The largest holders of the American National Debt (50%) are domestic Pension Funds and domestic Mutual Funds.

  • Domestic Pension Funds – Approximately 25% of U.S. government debt is owned by domestic pension funds. This includes both private and public pension plans, which invest in U.S. Treasury securities as a stable asset for their portfolios. The exact percentage can fluctuate based on market conditions and investment strategies. Pension funds are significant holders of government debt, contributing to the overall stability of the finance system.
  • Domestic Mutual Funds – Approximately 25% of U.S. government debt is owned by domestic mutual funds. This figure can fluctuate based on market conditions and investment strategies. Mutual funds invest in various types of debt, including Treasury securities, which are a significant part of the U.S. debt market.

Intragovernment Debt: Intragovernmental debt is primarily composed of obligations the federal government owes to various American trust funds and accounts.
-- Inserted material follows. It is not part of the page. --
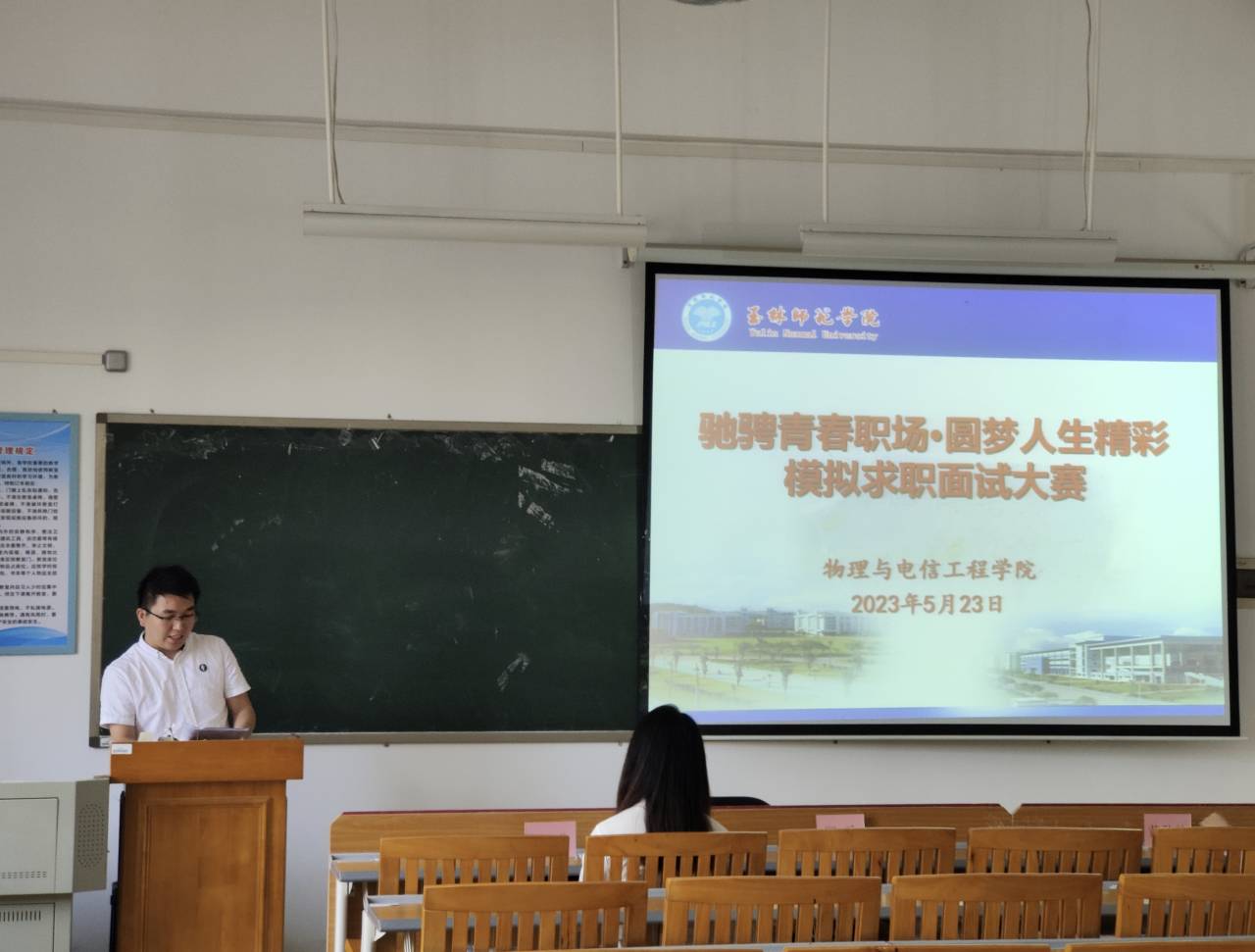 为丰富公司员工课余文化生活,活跃校园文化氛围,提高员工的综合素质和职场面试技巧,5月23日下午,太阳成tyc33455ccwww于公司东校区明德楼110教室开展模拟面试比赛。辅导员杨瑾、郑兵以及教师黄秋兰担任本次比赛的评委。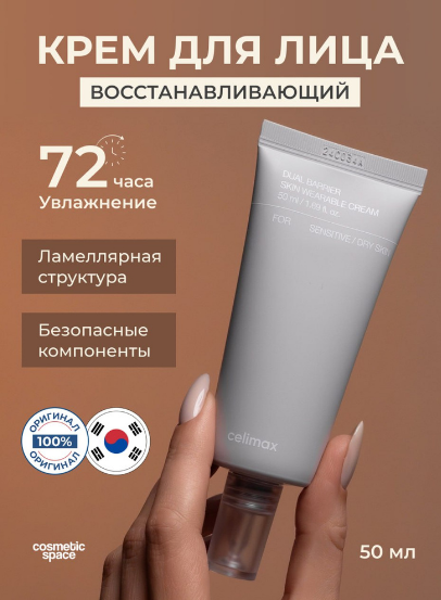 АКЦИЯ! ст. цена 1390 руб! CELIMAX DUAL BARRIER SKIN WEARABLE CREAM Барьерный крем с комплексом церамидов 50 мл

(Congress’s creative way of “stealing” funds from American public programs, without providing a credible plan of repayment!)

The main federal programs contributing to Intragovernment Debt include IOUs owed to programs like:

  •  Social Security Trust Fund – holds surplus funds from payroll taxes to pay future benefits.
  •  Medicare Trust Fund – Contains funds for Medicare Services, funded by payroll taxes and premiums.
  •  Federal Employees Retirement System (FERS) – Manages retirement benefits for federal employees.
  •  Military Retirement Fund – Provides retirement benefits for military personnel.
  •  Unemployment Insurance Trust Fund – Supports unemployment benefits for eligible workers.

***A special note for LOANERS on the National Debt. Loaners cannot demand immediate payment. National debt is typically structured as long-term obligations, meaning that the government repays these loans over time according to the terms of the bonds or securities issued. Some points to consider:

  • Nature of Debt – the national debt consists of bonds issued by the government, which have specific maturity dates.
  • Legal Framework – The terms of repayment are governed by contracts and bondholders cannot demand payment before maturity unless the government defaults.
  • Default Risks – if the government fails to meet its obligations, bondholders may face losses, but they cannot unilaterally demand payment outside of agreed terms.

In summary, while bondholders have a claim on future payments, they cannot demand immediate repayment of the national debt.

Over many decades, both political parties, when in power, have been “stealing” funds from the American public without providing a realistic or credible plan of repayment.

Example: This practice has put in doubt the viability of the Social Security Program and other public programs.

Potential help from the government’s aggressive Tariff Program. The worldwide tariff program, implemented by the Trump Administration, has produced significant revenue for the federal government.

The Tax Foundation projected President Trump’s tariffs would raise about $2.5 trillion over the next decade. The Committee for a Responsible Federal Budget, a public policy nonprofit, expects Trump’s tariffs to generate $2.8 trillion to the U.S. gross domestic product by fiscal year 2034 if they continue.

President Trump stated that his administration would “consider” sending checks to taxpayers, based on the revenue his tariffs have generated. Senator Josh Hawley, R-Mo., introduced a bill after the President signaled interest in a rebate check, which would send at least $600 to each eligible adult and dependent child this year. A larger rebate check would be issued if tariff revenue exceeds projections.

One creative solution would be to use the federal government’s tariff income to return funds “stolen” from the Social Security Trust Fund, Medicare Trust Fund, Federal Employees Retirement System, Military Retirement Fund and the Unemployment Insurance Trust Fund. This solution could provide repayment to these programs and end the “stealing” of public funds. The tariff repayment program could be paid out monthly – starting Now.